On top of this, Britain imports lots of its food from places vulnerable to climate change, natural disasters or geopolitical chaos. Traditionally, we imported many of our fruits and vegetables from Almeria in Spain, but that region is now struggling with water shortages. So, increasingly, we’re sourcing fresh produce from West Africa instead, especially Sierra Leone. The whole system depends upon stability, peace and the free flow of goods — but can we guarantee that in West Africa? What’s more, our imports are almost all squeezed through two ports: Dover and Felixstowe. If these ports were ever taken out of action, we’d be in trouble. 

The good news is that there are plenty of ways to make our food system more robust.

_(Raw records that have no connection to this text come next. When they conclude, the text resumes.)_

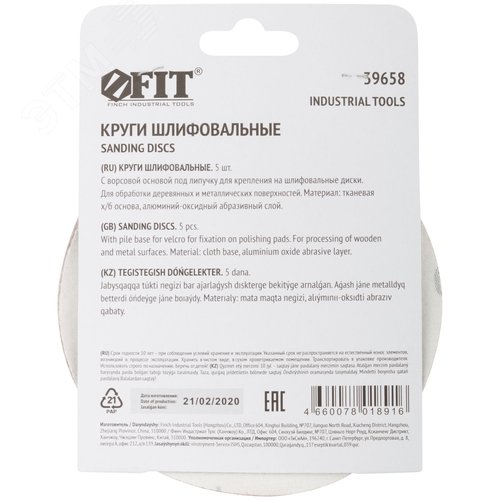 Круги шлифовальные сплошные (липучка), алюминий-оксидные, 125 мм, 5 шт Р 180 гибкая -14А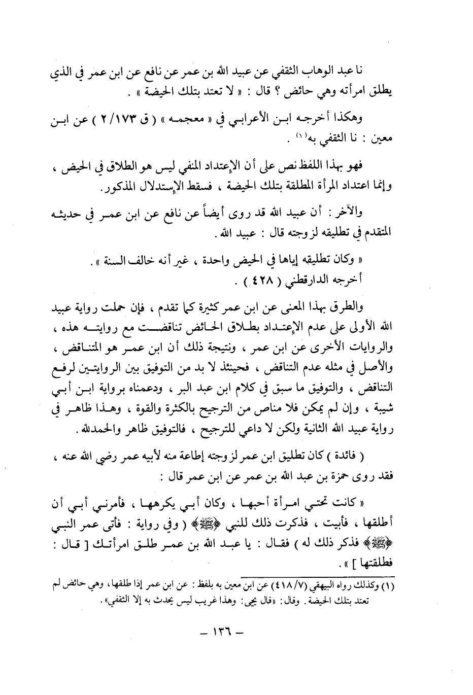 والطرق بهذا المعنى عن ابن عمر كثيرة كما تقدم , فإن حملت رواية عبيد الله الأولى على عدم الإعتداد بطلاق الحائض تناقضت مع روايته هذه , والروايات الأخرى عن ابن عمر , ونتيجة ذلك أن ابن عمر هو المتناقض , والأصل فى مثله عدم التناقض , فحينئذ لابد من التوفيق بين الروايتين لرفع التناقض , والتوفيق ما سبق فى كلام ابن عبد البر , ودعمناه برواية ابن أبى شيبة , وإن لم يمكن فلا مناص من الترجيح بالكثرة والقوة , وهذا ظاهر فى رواية عبيد الله الثانية ولكن لا داعى للترجيح , فالتوفيق ظاهر والحمد لله.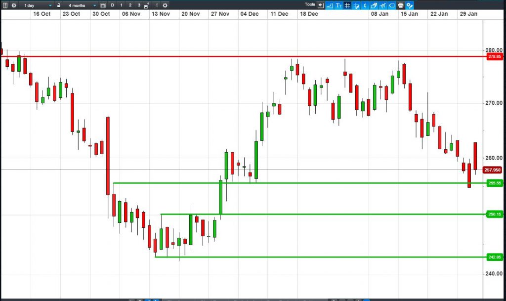 • Will the price fall towards lows of 250p (-2.7%)? or;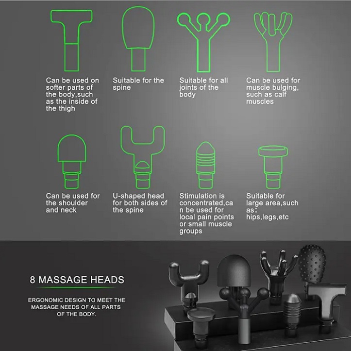 • دستگاه ماساژور گان (یا ماساژور تفنگی) یک ابزار محبوب برای تسکین دردهای عضلانی و کاهش تنش‌های فیزیکی است.
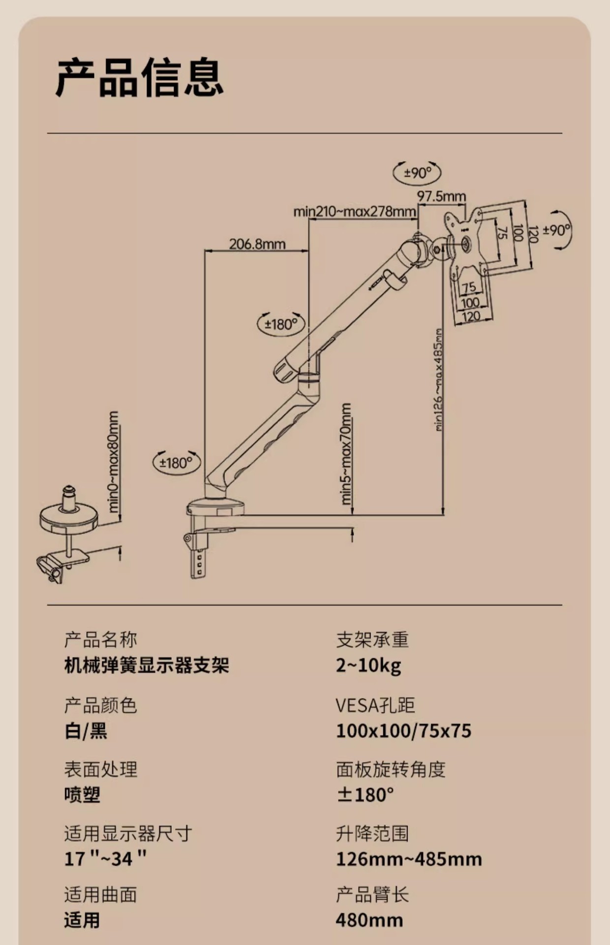디자이너 디스플레이 브래킷 기계식 팔 캔틸레버 리프팅 데스크탑 컴퓨터 화면 브래킷 17-34"스토어 가기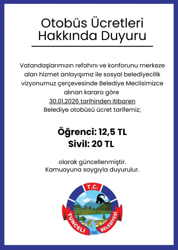 Tunceli Belediyesi, toplu taşıma hizmetlerinde yeni ücret tarifesini kamuoyuna duyurdu. Belediye Meclisi'nin kararıyla belirlenen bu tarifeler, 30 Ocak 2026 tarihinden itibaren geçerli olacak.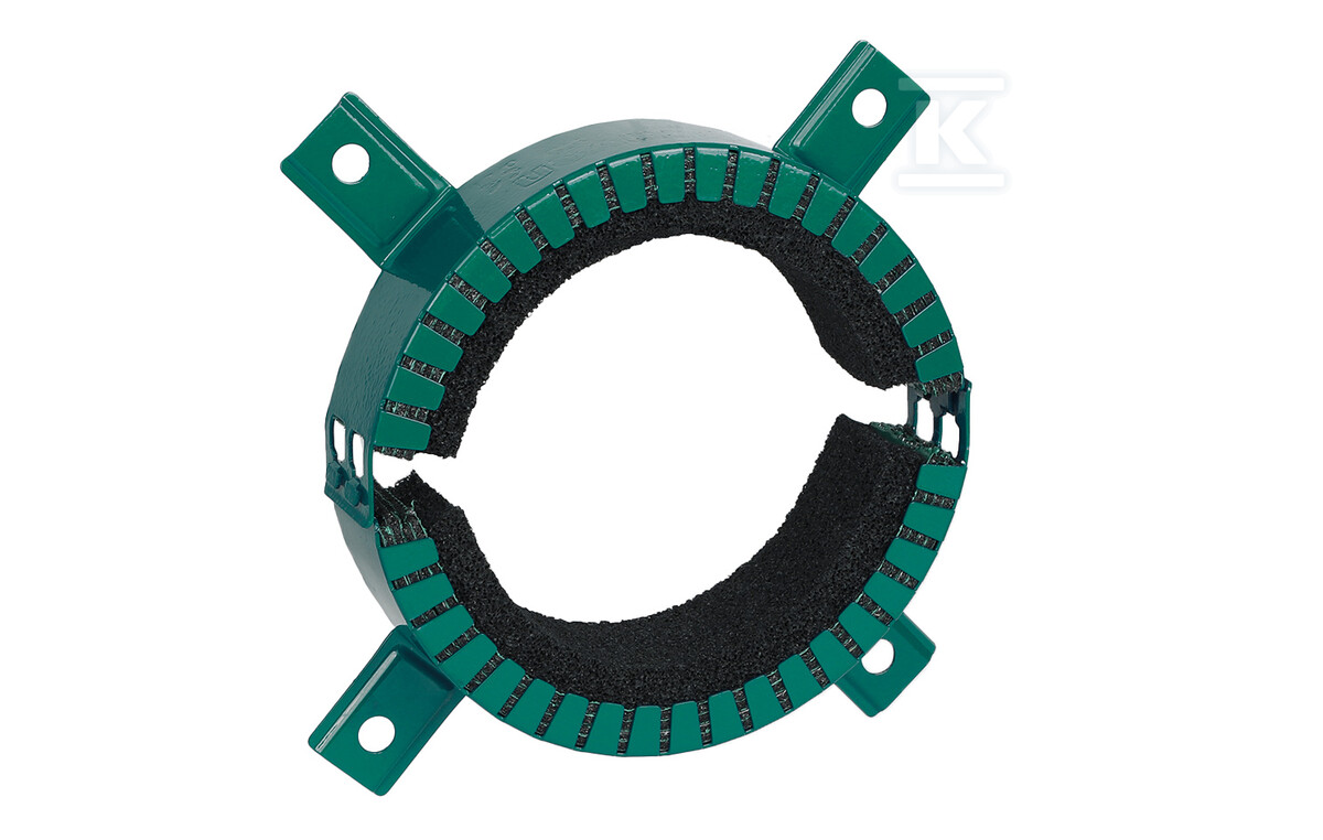 Конструкція хомута базується на сталевій обіймаці, оцинкованій і пофарбованій порошковим покриттям – це гарантія довговічності та стійкості до корозії. Модульна конструкція полегшує встановлення, а наявність піни EPDM забезпечує краще прилягання до труби. Крім того, тиснене логотипу бренду на обіймаці підтверджує автентичність продукту. Хомут не тільки забезпечує пожежну безпеку, але й може сприяти зниженню передачі шуму в будівлі.

After the Second World War, British farmers stopped using ammonia nitrate for explosives and began using it to grow crops; now, we are addicted. But there are ways we can wean ourselves off this addiction — at least to some extent. We can lessen our reliance upon synthetic fertilisers by using rotational and regenerative farming to improve the health of British soil. By introducing crop rotations and re-integrating livestock into arable (crop growing) systems, we can fertilise more of our land naturally. 

We can also lessen our reliance upon foreign fruit and vegetables by supporting growers across the UK to make a sustainable living. We can design and develop horticulture in urban areas, with allotments and urban farms, where food production will be most needed in any future crisis. (Paris, remember, was once a leading light of food production, farming small areas intensively to feed countless urbanites.) We can stop subsidising mindless schemes to take land out of food production in order to build houses or solar farms or pursue the worst excesses of corporate “offset” rewilding. We can be way more discerning about where we import food from, and encourage farmers to produce certain foods we’re lacking. And we can shore up our supplies of synthetic fertiliser by protecting the Billingham ammonia plant in Teesside — the last plant in the country that produces ammonium nitrate.

As it stands, a large part of Britain’s cheap food system relies upon massive fossil fuel flows, and we have done way too little to insure against the risks — risks that are swiftly becoming reality. A Which? report released yesterday found that three million UK households are already being forced to skip meals to cope with the rising cost of food. We urgently need politicians of all stripes to start thinking about farming and food as national priorities. 


James Rebanks is a fell farmer and the best-selling author of The Shepherd’s Life. His latest book is The Place of Tides.